Modified under licence from here.
After the Green Year the war was over, with uncounted dead. Hostility between nations was finished, just as the nations were, but hostility between people has survived. The remaining humans have gathered together into communities, fighting against others to live, squabbling for now precious resources - clean water, air, and food.

There are countless dangers - the atmosphere was seeded with pockets of poisonous gases that drift through unpredictably or settle into hollows invisibly. The biological weapons, now freed of any tenuous constraints they might have once had, breed and mutate, giving rise to thousands of ingenious horrors. Engineered vampires stalk the lands, obeying the loose prerogatives programmed in by biochemists years before. Vast snake-worms burrow through the churned mud, swallowing people whole. And any human you meet may be more dangerous still, toting guns, chemical grenades, and a will to live at your expense.




The fortified labs that were built during the later years of the war are still dotted across the dying landscapes. Tribes that can gain access to one have a defensible home. These squat buildings are the castles of the modern age, encased in thick concrete that can withstand all but the heaviest bombardment available to the survivors, and defenders on the battlements can rain death upon would-be invaders. These aged chemical keeps shape the conflicts and lives of the surrounding land.

And then breaks free

Used under licence from here.
Within the keeps, some still have semi-working labs. Few understand what they control, factories capable of both researching and producing biological and chemical weaponry, powerful enough to have brought the world to its knees. Just as well. These laboratories are fiercely guarded by AIs armed with deadly lasers, now insane and broken, which continue to enforce nonsensical rules.

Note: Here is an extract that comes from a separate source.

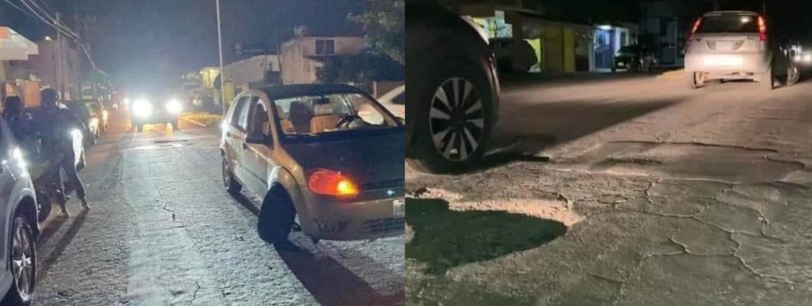 Uno de los tantos baches que hay en Chetumal ocasionó que la llanta y la suspensión de un automóvil quedaran destrozadas.
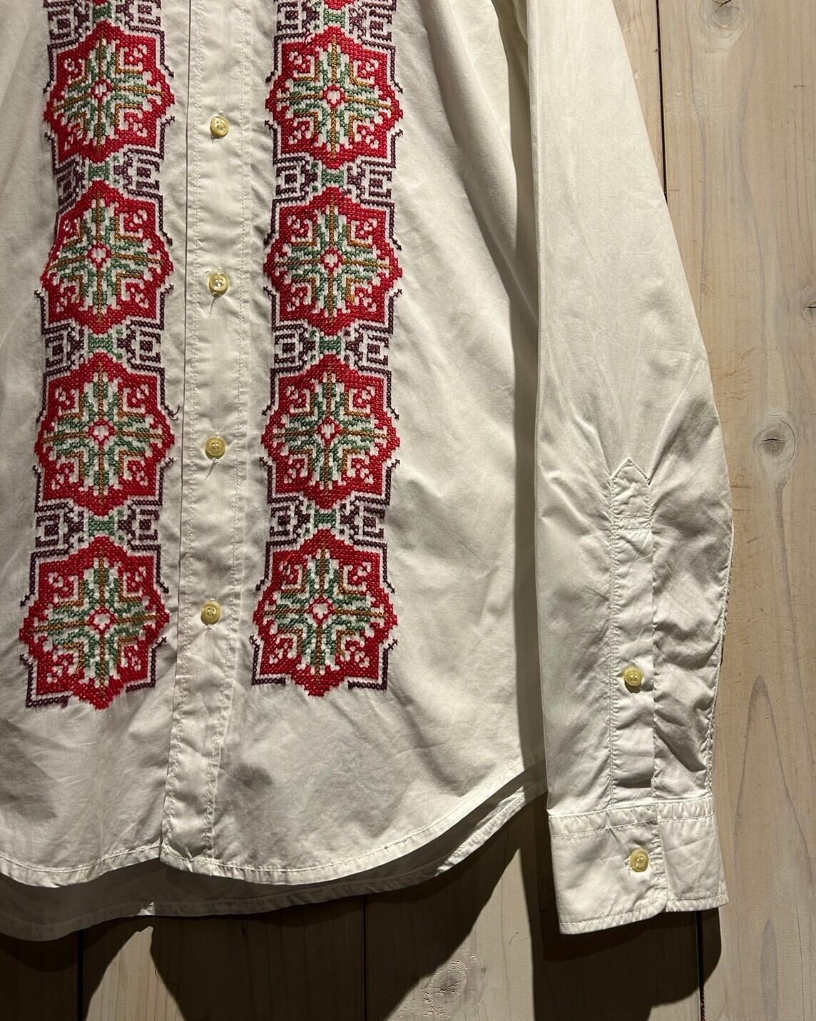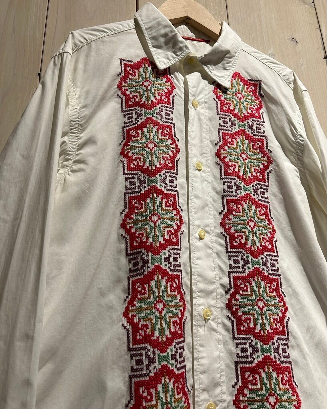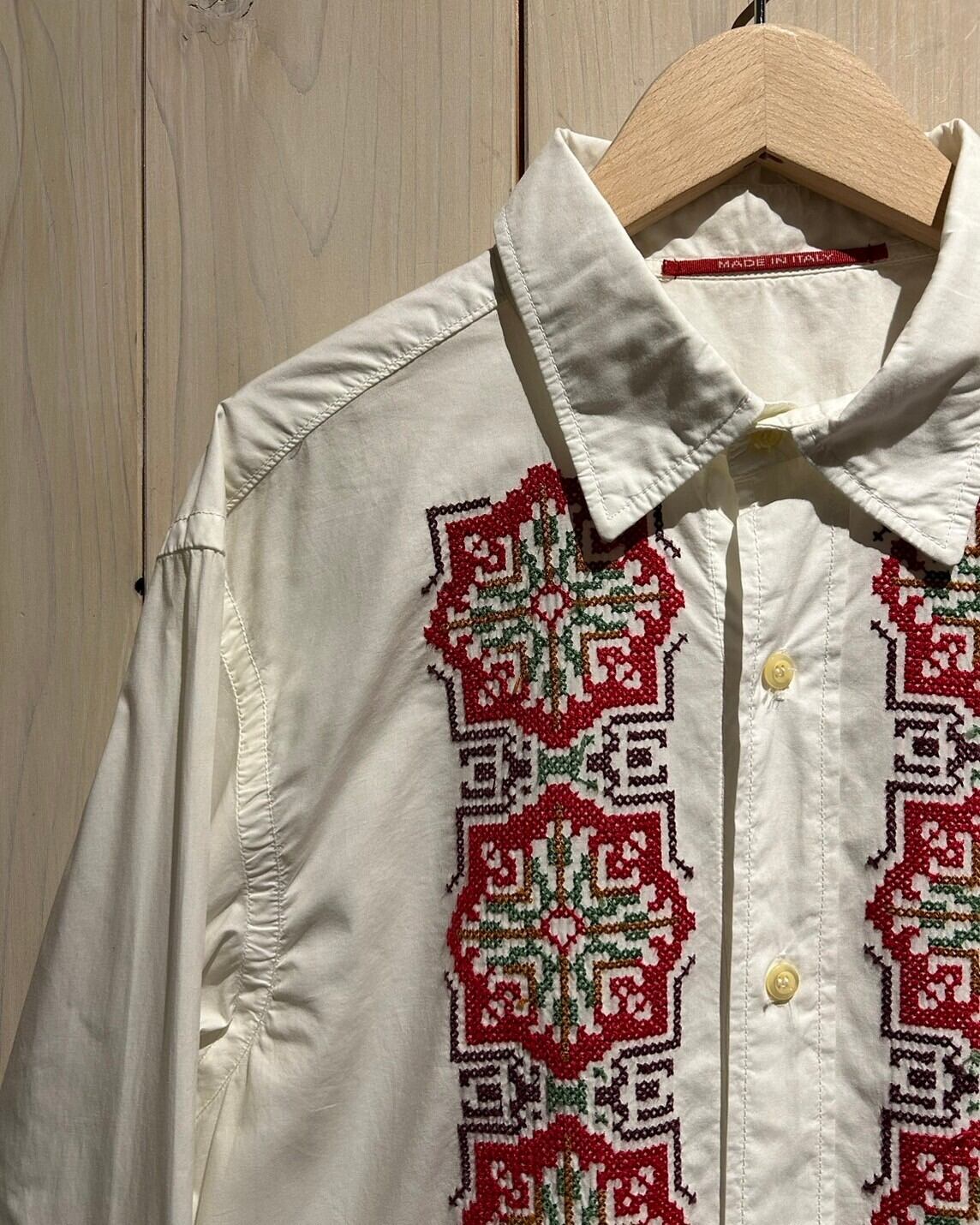 ハリのあるホワイトのシャツ生地に、緻密で繊細なクロスステッチでエスニック調の柄模様を施したイタリアメイドの長袖シャツ。

In the Grey Keep, for example, containment procedures for entering and leaving the lab through the airlock doors are still in force - despite the gaping holes in the walls. Anyone trying to enter or leave through those is summarily vaporised, as is anyone who drops anything liquid in the lab and fails to reassure the AI that "It's just coffee", echoing the words of a long-dead researcher the AI still remembers.

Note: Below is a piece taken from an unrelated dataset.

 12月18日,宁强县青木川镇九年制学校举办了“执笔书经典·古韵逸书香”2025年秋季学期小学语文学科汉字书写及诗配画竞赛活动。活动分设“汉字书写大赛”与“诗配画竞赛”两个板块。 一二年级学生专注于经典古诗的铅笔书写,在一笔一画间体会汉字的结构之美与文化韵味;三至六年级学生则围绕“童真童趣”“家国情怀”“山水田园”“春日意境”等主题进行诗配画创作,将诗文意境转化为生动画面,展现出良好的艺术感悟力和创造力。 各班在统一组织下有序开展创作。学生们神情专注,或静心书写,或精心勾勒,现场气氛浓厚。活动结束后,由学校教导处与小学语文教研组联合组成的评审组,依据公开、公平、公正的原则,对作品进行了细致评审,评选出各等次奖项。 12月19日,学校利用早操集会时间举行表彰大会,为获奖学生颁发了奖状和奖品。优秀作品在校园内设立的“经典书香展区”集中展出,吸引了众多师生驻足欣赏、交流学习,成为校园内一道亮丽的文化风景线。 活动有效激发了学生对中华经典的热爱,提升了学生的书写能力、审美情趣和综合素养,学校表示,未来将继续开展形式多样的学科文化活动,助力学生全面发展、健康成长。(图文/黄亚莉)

Some keeps have - carefully avoiding the AIs neuroses - widened and dressed holes in the lab walls, so that invaders who gain access don't know which doors are acceptable to the resident AI and which are against proper protocol. Other keeps have AIs that can identify vampires and eliminate them, but in most keeps they aren't so lucky.


A post-apocalyptic setting piece. 

South Entrance
Used under licence from here.
I received the phrase "Aged chemical keep" from a random word generator and was instantly hooked on the aesthetic in my mind - gas masking wearing soldiers patrolling the roofs of ageing and dirty concrete structures. All the monsters in my mind are very grungy - the snake-worms are black, spined, writhing things that you never see properly. The world is very hazed and the light unnaturally green or yellow.

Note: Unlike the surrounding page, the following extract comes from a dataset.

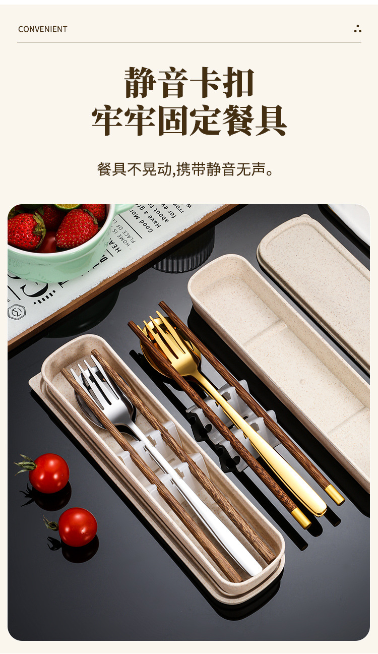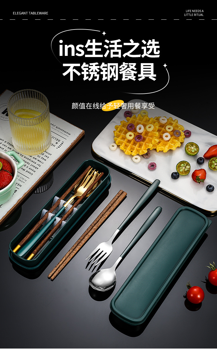 Корейский стиль, переносная столовая посуда, палочки для еды, ложка, вилка, креативный набор для студентов, дорожный набор, один контейнер, нержавеющая сталь, три предмета
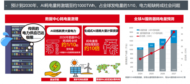 作为全球屈指可数的同时拥有SiC、GaN、Si及LSI业务的半导体制造商,罗姆通过与全球头部企业建立的合作伙伴关系,致力于为AI服务器市场贡献力量。

I liked the idea of bio/chemical apocalypse, as opposed to a nuclear one. In many ways, it seems to me to give fictional justification both to a more multi-faceted area-based danger than radiation - gases, viruses, pools of liquid mercury - and a more flexible creature-based danger than mutation from radiation exposure - engineered viruses and straight-up constructed monsters. And, of course, biological weapons have just as much potential to wipe out huge swathes of population. Perhaps more, if less suddenly.

The other idea I had, which I then weaved in, was the idea of enforced superstitions: What if there were a community of people who all followed these weird little superstitions - you have to say certain phrases when you do certain actions, you have to go through certain doors backwards - because there was an AI that was used to the way things used to be and couldn't adapt to its present circumstances. I think there's a lot of potential there for dark humour.

In a bit I may post more about defensive structures in environments with gunpowder. I have Learned Things about this in the making of this post.

3 comments:

  1. I had originally wanted to use this photo, which I modified to look really post-apocalyptic. Unfortunately, the owner of the photo declined my request for permission to distribute it in modifed form. The photo I ended up with isn't as close to my mental picture as it could have been. Ah well, c'est la vie.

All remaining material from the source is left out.